# 6TH anual reptile and amphibian expo



## python blue (Dec 28, 2007)

Yes it is almost that time of the year again where SOFAR are holding the informative and fun filled day for people of all ages. Previous years our Expo has been held at The Wetlands Centre, Australia (Shortland) and at Hunter Region Botanic Gardens, Heatherbrae, but this Expo we are going all out and holding our Expo under cover at the Newcastle Jockey Club, Broadmeadow.

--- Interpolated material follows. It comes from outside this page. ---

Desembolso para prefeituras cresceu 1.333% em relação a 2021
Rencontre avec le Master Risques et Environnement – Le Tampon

If you have a business or hobby that you think would be an asset to our Expo why not give our Expo Coordinator a call on 0416 421 455 or email her at [email protected].


Brief details: 


When: Sunday 16 March 2008
Where: Newcastle Jockey Club
Darling Street, Broadmeadow
Time: 9.00 AM - 4.00 PM
Lots to see and do for all ages
Food and drinks available on the day
Admission: Children 13 years to Adults $5.00 each
Children 5 - 12 years $2.00 each
Children up to 4 years free
Expo Sponsor: Yet to find one, can you help?

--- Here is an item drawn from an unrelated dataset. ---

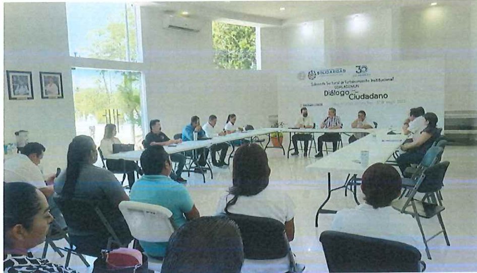
Imagen 2.-Diálogo ciudadano del Subcomité Sectorial de Fortalecimiento Institucional.

2023, Año del 30 aniversario de la creación del Municipio de Solidaridad

So who is going to be there?


----------



## Riley (Dec 28, 2007)

never heard of it before! thanks for posting. ill c if im allowed to go =D
the Reptile and Amphibian show (different one to this) is next year too. http://www.aussiepythons.com/forum/...ian-frog-and-reptile-show-2008-a-66384/page-1


----------



## python blue (Dec 28, 2007)

yea its going to be the biggest and best weve ever had so im looking forward to it


----------



## bylo (Dec 28, 2007)

i will definitely come for a look ,make a reminder post a couple of weeks before 

cheers


Greg


----------



## kakariki (Dec 28, 2007)

Does SA have anything like this?


----------



## mrmikk (Dec 29, 2007)

I wish Qld had something like this


----------



## cockney red (Dec 29, 2007)

With knobs on.


----------



## python blue (Dec 29, 2007)

still looking for a major sponser anyone out there wanna help out our great herp club also plenty of sites left so get in asap non members can sell there


----------



## Freeloader (Dec 30, 2007)

Melbourne showgrounds 23 Feb 08 Reptile Expo.


----------



## frogbrock (Dec 31, 2007)

*Thanks*

Hi,
Thanks for the info. Newcastle is only up the road from here, so I will definately go. Please remind us again closer to the time.
Cheers for New Year !!! :lol::lol::lol:


----------



## Auzlizardking (Jan 3, 2008)

Bump


----------



## python blue (Jan 5, 2008)

hey got some great new snake ranch will be there at the expo and may be our major sponser


----------



## Auzlizardking (Jan 5, 2008)

Has Reptiles Australia Mag indicated they will be there?


----------



## python blue (Jan 5, 2008)

Auzlizardking im not so sure i think ill have to check up on that on ill give joe a call to see will you be selling your enclosures at the expo?


----------



## Auzlizardking (Jan 29, 2008)

Bump


----------



## BT (Jan 29, 2008)

will be there


----------



## scam7278 (Jan 29, 2008)

ill be there just gotta find out how much sponsorship is?


----------



## Auzlizardking (Feb 12, 2008)

Bump


----------



## Auzlizardking (Feb 12, 2008)

For everyone showing reptiles at the up and coming S.O.F.A.R, Mac Herps Show, Castle Hill frog and reptile Shows

For those of you that are saying you can't find an enclosure to display your animal in at the Herps Show please read on.......I will supply a 750 x 445 x 500 enclosure in white for $90.00 with out light fittings - $100.00 with.
For anyone wanting a enclosure for the show.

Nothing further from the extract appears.